The Commission municipale du Québec (CMQ) classified Mr. Chartrand’s blood drive as a ‘conflict of interest’ but that ruling does not take into account the fact that his action was for a benevolent/humanitarian reason, a blood drive. Mr. Chartrand was not notified by the Saint-Lazare town clerk or the administration that blood drives in his place of business would be a conflict of interest, but instead a person/persons in the administration reported the incident to the CMQ with the subsequent punishment. These actions show that not everyone at the town hall is on the same team, and the Mayor Grimaudo’s only comment that, “The CMQ did their investigation and issued their ruling,” shows that no matter how much a person has given to their community, it lacks recognition.

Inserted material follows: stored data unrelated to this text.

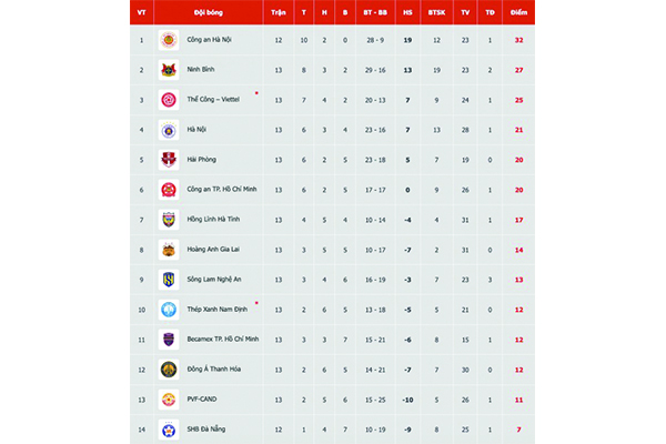 Thể Công Viettel duy trì vị trí tốp 3 với 25 điểm. Trong khi đó, CLB Nam Định giậm chân tại chỗ ở hạng 10 với 12 điểm. Nam Định hiện còn đứng dưới cả HAGL (tốp 8) và SLNA (tốp 9).
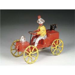 HAPPY HOOLIGAN AUTOMOBILE BELL TOY. Manufactured by N. N. Hill Brass Co. A great toy depicting Happy Hooligan driving his homemade Soapbox Derby. Finely painted in red enamel with silver, yellow and black highlighting. SIZE: 6”. CONDITION: Overall condition is very fine. JL 1-4044 (2,500-3,000)
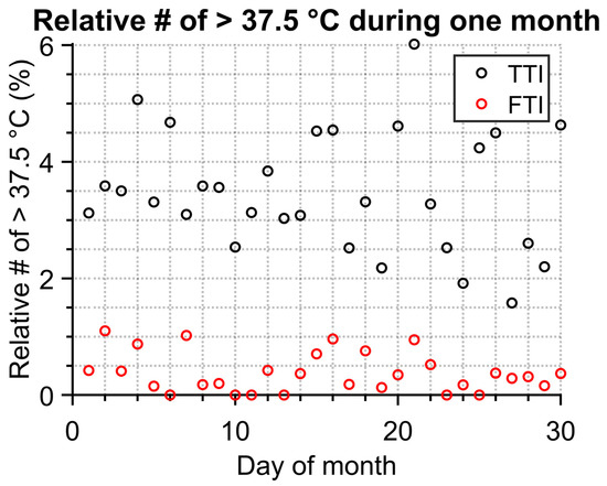 Typically, the normal human temperature with an armpit thermometer is below 37 °C. Anything above can indicate some kind of illness. Therefore, the epidemic status could be estimated based on how many people had high temperatures. The temperature 37.5 °C was the chosen threshold between a healthy and a sick person. The result in the form of relative number of people with higher temperature is in Figure 10. Neither FTI nor TTI show distinct peaks/trends for the one-month measurement. Nonetheless, the difference between each method is not insignificant. TTI values have a much higher spread and mean value. This may be due to the higher count of identified objects as persons with higher temperatures (as was previously mentioned, this can also be caused by hot objects which are not persons), as shown in Figure 7, where a non-negligible number of high-temperature outliers can be observed.
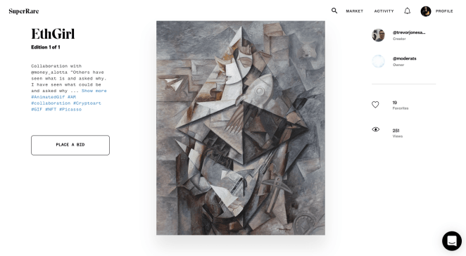 Hackatao, XCOPY, and Coldie are killing it on Superrare. Check out this transparent sales list, which by the way is also not something the art world is known for. In this article, Alan Smale interviews Whale Shark Pro about the process and evaluation he uses to pick up pieces. The collab of Money Alotta and Trevor Jones lifted to five figures for the Picasso inspired pieces with an AR function.

Most municipalities have a ‘Mayor’s blood drive’ every year, including Saint-Lazare, but in 2017 the ‘Mayor’s Blood Drive’ was just two weeks before the municipal election. The blood drive advertising (paid for by taxpayers) mentioned the mayor’s name and that he would be greeting blood donors, so the incumbent mayor had a paid for political advantage over Mme. Jolicoeur and Mr. Lambert who were at that time running for mayor. Should the CMQ have been notified by the administration and would this have been classified as a ‘conflict of interest’? We should recognize Richard Chartrand’s decades of humanitarian work and be thankful we have people like this in our community.